This paper discusses examples of studies that reflect the recent shift in interest to study dynamics in activity-travel behavior. Studies are classified according the time window of impact (long term life cycle related change vs. short term travel information induced change), and exogenous versus endogenous change. As examples of exogenous change, road pricing, increase in energy costs and new technology (electric cars) are selected. Implications of these research findings for Asian countries are discussed.
Individual action space is an important indicator of an individual's ability and flexibility in pursuing daily activities under various constraints. Although a number of studies have explored the size and variability of individual action space, there is a lack of knowledge about how this individual activity space evolves over a long time-span. Using the results of household travel surveys conducted in 1980, 1990, and 2000 in the Osaka metropolitan area of Japan, this paper examines the temporal changes in individuals' action spaces. By composing a system of Tobit models, the stability over time of indices that characterize individuals' action spaces is examined. The results show that the commute distance of workers negatively influences the spread of activity locations, while in the case of nonworkers, activity locations tend to be more dispersed when activities are pursued away from home.
This paper presents the results of household auto/motorcycle ownership and joint mode and destination choice models that were developed based on two large-scale travel surveys conducted eight years apart.
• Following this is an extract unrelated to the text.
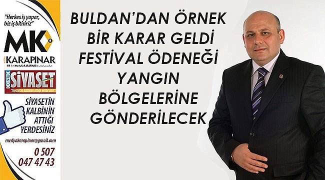Buldan Belediye Başkanı Mustafa Şevik, orman yangınları ve yaşanan can kayıpları nedeniyle festivaller ve konserlerin iptal edildiğini e ödeneklerin yangın bölgesine gönderileceğini açıkladı.

It compares the models and discusses implications of the changes that have occurred in the Jakarta Metropolitan Area in the last decade. Given that the context of the society does not change, both models should remain unchanged with fixed parameters over a period of time. However, the models that were estimated based on the surveys conducted in 2002 and 2010 indicated quite different parameters with different degrees of significance. Such implications may also be important and hence worth studying for other urban areas of the developing world, although similarities of the implications may be restricted to regions that have modal and cultural norms in common.
Conventional logit-based models with cross-sectional data are not capable of capturing the individual's behavior that is correlated over time. Although panel data provide the source of information to overcome this issue, collecting panel data, especially from revealed preference data, is generally expensive and difficult in practice. The present paper shows the use of repeated observations from Electronic Toll Collection (STC) data with information about attributes derived from detectoe data to analyze and model route choice and route switching behavior on a selected study area of the Tokyo Metropolitan Expresswey. In general, the estimated results show that drivers respond differently to different levels of congestion information. Moreover, when accounting for the panel data, the factors that capture panel effect are highly significant stasistically and improvement of the models' goodness of fit can be observed for both behavioral models.
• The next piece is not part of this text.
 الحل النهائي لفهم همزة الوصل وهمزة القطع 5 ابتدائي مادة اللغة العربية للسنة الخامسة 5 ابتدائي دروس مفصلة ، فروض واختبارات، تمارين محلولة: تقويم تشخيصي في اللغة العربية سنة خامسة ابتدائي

In recent years, efforts have been made to develop bicycle-friendly environments across Japan. However, such development is conducted only where roads are sufficiently wide, and thus efficient networks are not easily developed. In this situation, it is essential to accurately evaluate demand change following development and to examine how to meet network needs, while developing the areas that are easier to proceed with. Therefore, to organize the information required to evaluate demand change, we build a route choice model using data from Takamatsu city and conduct verification using data from the actual implementation of measures. The study shows that bicycle route choice is mainly affected by discontinuity and presence of turns. Furthermore, we specify the need to note partial bottlenecks and consider measures under the assumption that route choice is impromptu when we evaluate demand change.
Transport mobility appears to be closely linked to a person's well-being, especially for elderly people. The development of specialized transport devices to compensate for the decline in mobility of the elderly is important so that they may move around and lead an independent life as they wish. Mobility devices such as electric carts offer great utility for transport; however, the electric cart has yet to gain popularity in the open market. Thus, it is necessary to examine ways of expanding the usage of such devices and to clarify their effects on improving the quality of life of the elderly. Here, we investigate the change in the quality of life from the viewpoint of health and welfare with the use of personal mobility mode, in the daily life of the elderly using various types of evaluation measurements.
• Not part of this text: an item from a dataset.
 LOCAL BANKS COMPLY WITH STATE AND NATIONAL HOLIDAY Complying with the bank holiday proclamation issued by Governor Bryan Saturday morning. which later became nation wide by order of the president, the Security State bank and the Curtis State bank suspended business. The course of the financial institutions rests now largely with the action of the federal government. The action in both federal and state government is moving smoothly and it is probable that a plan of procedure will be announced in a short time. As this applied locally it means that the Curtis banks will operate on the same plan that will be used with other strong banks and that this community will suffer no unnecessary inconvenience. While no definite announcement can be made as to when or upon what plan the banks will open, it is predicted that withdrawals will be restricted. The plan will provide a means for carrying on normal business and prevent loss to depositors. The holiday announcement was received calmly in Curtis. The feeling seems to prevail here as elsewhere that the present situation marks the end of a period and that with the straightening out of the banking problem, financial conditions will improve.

This study focuses on identifying factors that promote personal mobility (PM) technologies as an immediate means of responding to the mobility needs of elderly populations. It is known that in the case of new products that are largely unfamiliar to customers, the behavior and judgments of friends and acquaintances have a powerful effect on people's desire to gather information and, ultimately, to purchase. To analyze quantitatively the effect of friends and acquaintances on individuals’ decision-making behavior, we developed a discrete choice model considering the impact of PM product penetration. We likewise modeled friend and acquaintance relationships by applying the complex network analysis method. The empirical analysis of questionnaires collected in Koyo Newtown in Hiroshima city reveals the existence of a social conformity effect with respect to PM use preferences. The influence of friends and acquaintances in that setting has an impact equivalent to a net 5% decrease in PM rental prices.
When proposing policies that aim to promote inbound and outbound tourism markets, there should be a focus not only on the tourism demand in a certain region but also on interregional relationships. To address this issue, we have developed the methodology for the quantitative analysis of tourism demand structure by focusing on the elasticity of destination choice activities. The demand function of destination choice activities is defined as a Dynamic AIDS (Almost Ideal Demand System) model. The main goal of this research is to examine the applicability of the AIDS models to the estimation of Japanese international tourism demand.